In "Spartina," Dick Pierce, a commercial fisherman along the shores of Rhode Island's Narragansett Bay, chafes against the people he works for and becomes ever more determined to finish the 50-foot fishing boat, called Spartina, languishing unfinished in his back yard. He needs money to finish her, so that he can go crabbing in deep water and improve his family's fortunes. At story's end, Pierce has taken a foolish risk to get the money, fallen into an adulterous affair that results in the birth of a child, finished the boat and outlasted a hurricane.
"Compass Rose" takes up precisely where "Spartina" ended. May, Dick's wife, is sitting in the bleachers watching their teenage sons, Charley and Tom, play baseball, when Elsie Buttrick walks by. Elsie is the mother of Dick's child, a baby girl named Rose, born of an affair that Dick has ended. Elsie, ever the rebel, has turned away from her family's money, more comfortable donning her Natural Resources Officer uniform and tramping around looking for poachers. Dick Pierce is the love of her life, the man she never lost sight of through many romances. He is much older than she and when the time is right for Elsie, he doesn't stand a chance. Matters are complicated by the fact that Elsie and the Pierces are near neighbors and, as in all small towns, there are no secrets.

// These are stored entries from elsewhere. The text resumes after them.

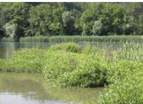
Auflandungszone mit Pioniervegetation.

Die zweite Antriebskraft der natürlichen Veränderung ist das «Bestreben» der Vegetation, an einem bestimmten Standort, angefangen
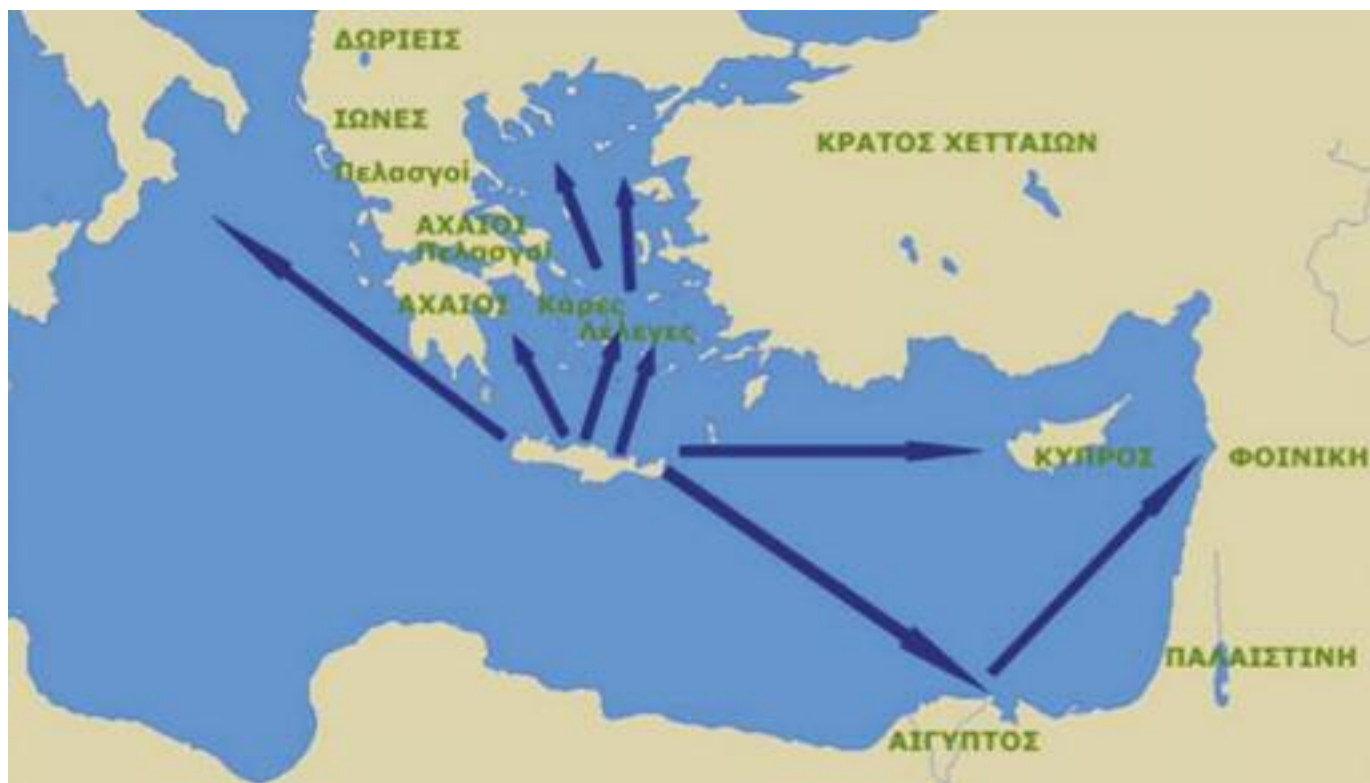
1. Η προνομιακή θέση της Κρήτης στους θαλάσσιους δρόμους της Ανατολικής Μεσογείου. / The ideal position of Crete among the sea lanes of Eastern Mediterranean.
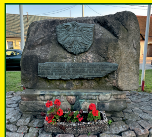
Rynek w Sulmierzyczach
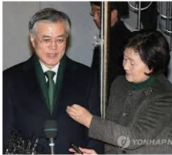
문재인 *혼신의 힘 다했다..진인사... yna.co.kr
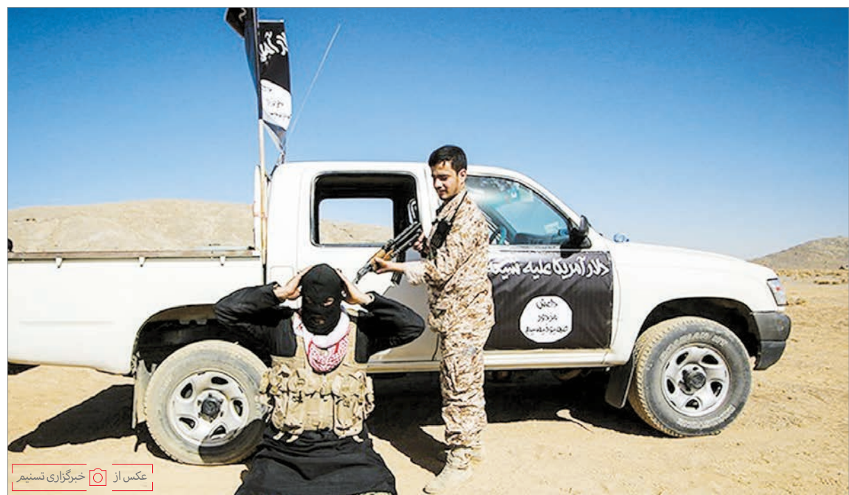
در قالب رزمایش «الی بیت المقدس» صورت گرفت؛ تمرین نبرد با داعش در اصفهان
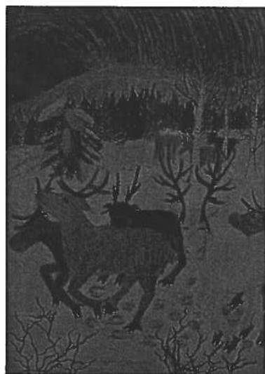
1. Raija Harju, Eallu

4 - 6 -luokkalaččat: Buot bálkkašumit manne Bealdovuomi skuvlla oahppiide. / 4-6 luokkalaiset: Kaikki palkitut olivat Peltovuoman koulun oppilaita.
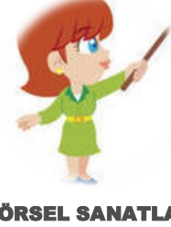
GÖRSEL SANATLAR ÖĞRETMENİ
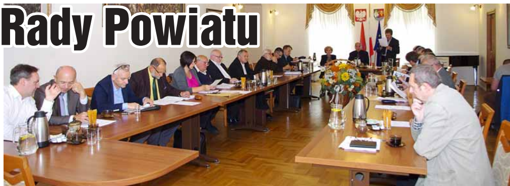
▲ Sesja Rady Powiatu Leżajskiego

Zaplanowanych w br. 582 tys. zł przychodów, na koniec pierwszego półroczia Muzeum Ziemi Leżajskiej zrealizowało 292 tys. zł, zaś po stronie kosztów, odpowiednio 772 tys. zł i 383 tys. zł. Rada Powiatu przyjęła informacje SP ZOZ
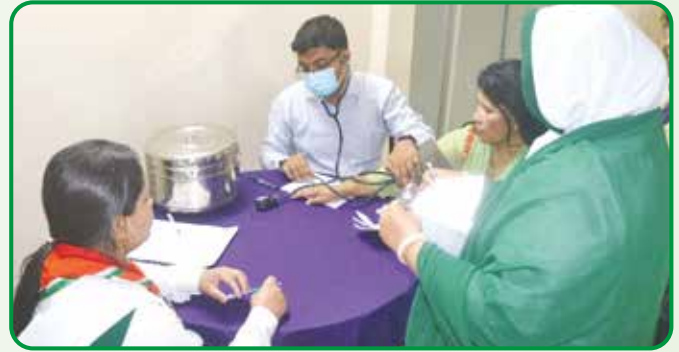
চট্টগ্রাম সিভিল সার্জন কার্যালয়ের উদ্যোগে কাউন্সিলরদের স্বাস্থ্য পরীক্ষা করা হয় বরিশাল, সিলেট, কুমিল্লা, রংপুর ও ময়মনসিংহসহ ১০ অঞ্চলে হতে তিন শতাধিক কাউন্সিলর অংশগ্রহণ করেন।
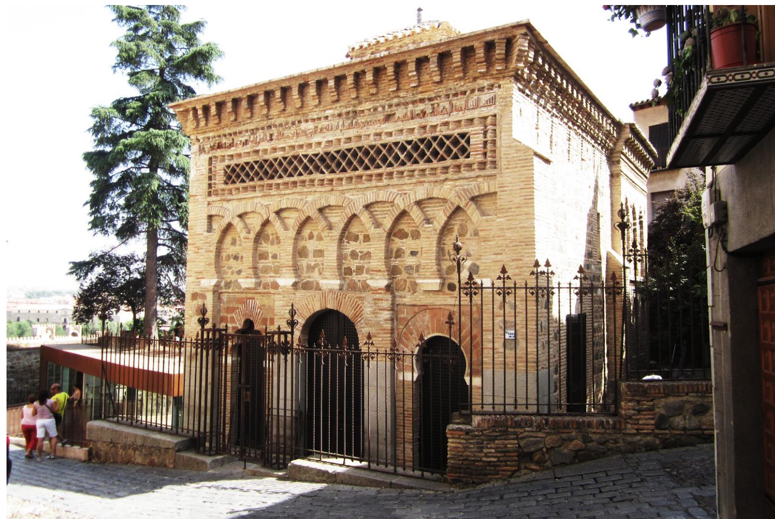
VISTA EXTERIOR DE LA MEZQUITA
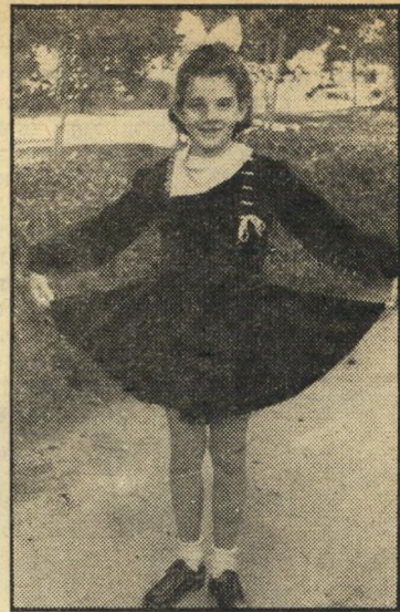
תמונת הילדות. זיוה בת ה-11 כשטרם בשערה הזהוב. אז קראו לה שירלי טמפל.
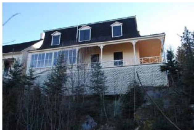
Vue arrière (côté Nord)
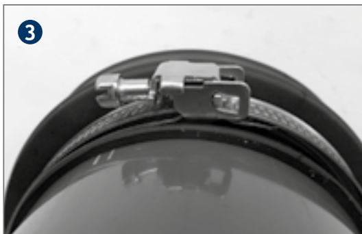
Fold the closure
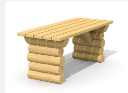
BT.031.T Tisch Legno
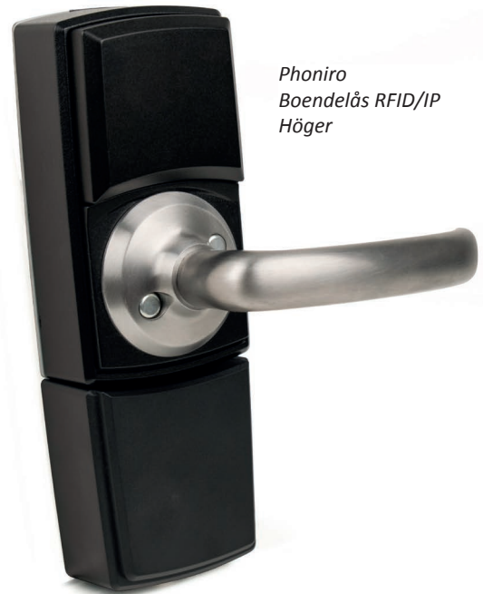
Phoniro Boendelås RFID/IP Höger
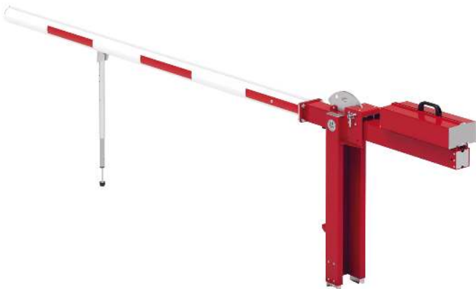
Wegesperre MOTALA NEW, zum Einbetonieren, mit Pendelstütze
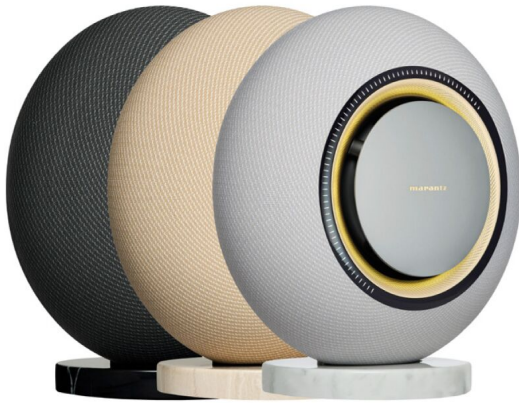
Beide Lautsprecher der Horizon-Serie gibt es in drei verschiedenen Finishes.

Auch für verschiedene Platzierungen bietet Marantz Klang-Presets, die den Bass beeinflussen – falls möglich, empfehlen wir hier die freie Aufstellung mit dem entsprechenden Setting. Bei kabelgebundenen Eingängen gibt es schließlich einen für den TV praktischen Stimmverstärker sowie einen „Nacht“-Modus.
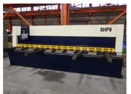
シャーリング コマツ SHF6×410 1989年製 6.5×4100 オートパッケージ付 管理番号:H017409 置場:マシンプラザ本庄
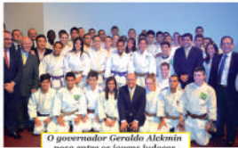
O governador Geraldo Alckmin posa entre os jovens judocas
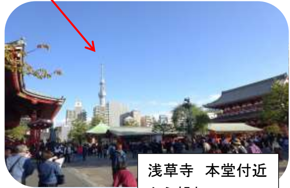
浅草寺 本堂付近 から望む。
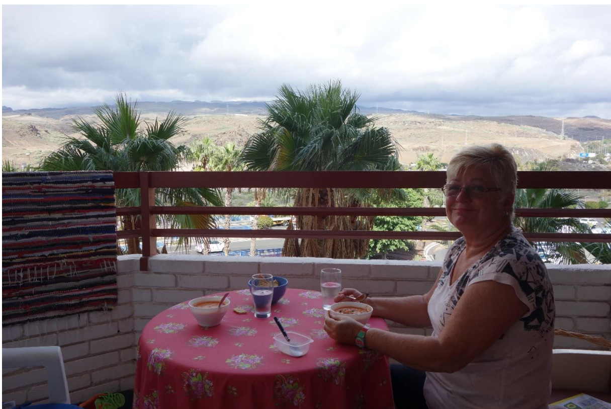
Gazpacho, kald tomatsuppe, på balkongen mot fjellet.
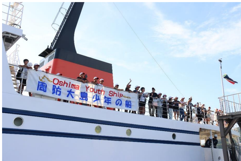
周防大島少年の船

Casey can write the thoughts, feelings, emotions, hopes and dreams of women, be they wives, mothers, daughters or lovers, better than anyone since Reynolds Price wrote "Kate Vaiden." Elsie is a better mistress than she is a mother. After a rather nasty argument with Rose, Elsie muses: "Things wouldn't be like this if I loved Rose enough." It takes three women to mother Rose, two of them sometimes more eager for the job than Elsie. Mary, Elsie's housemate, works at a restaurant and takes care of Rose during her time off; but the most unlikely mother of the three is May herself, who insists that this baby, toddler, child, young woman is her sons' sister and she will be in their lives, and May in hers.
Rose is a lovable drama queen, unwilling to turn a blind eye to her mother's failings and quite willing to enumerate them. Despite her diva tendencies, she is the well-loved adopted daughter of many of the townspeople and the one who keeps the crotchety Elsie connected to the town and everyone in it. Through property hassles, the near-destruction of the Pierce home, and his discomfiture watching May with Rose, Dick still finds respite at sea, but in "Compass Rose," he is moving closer to shore.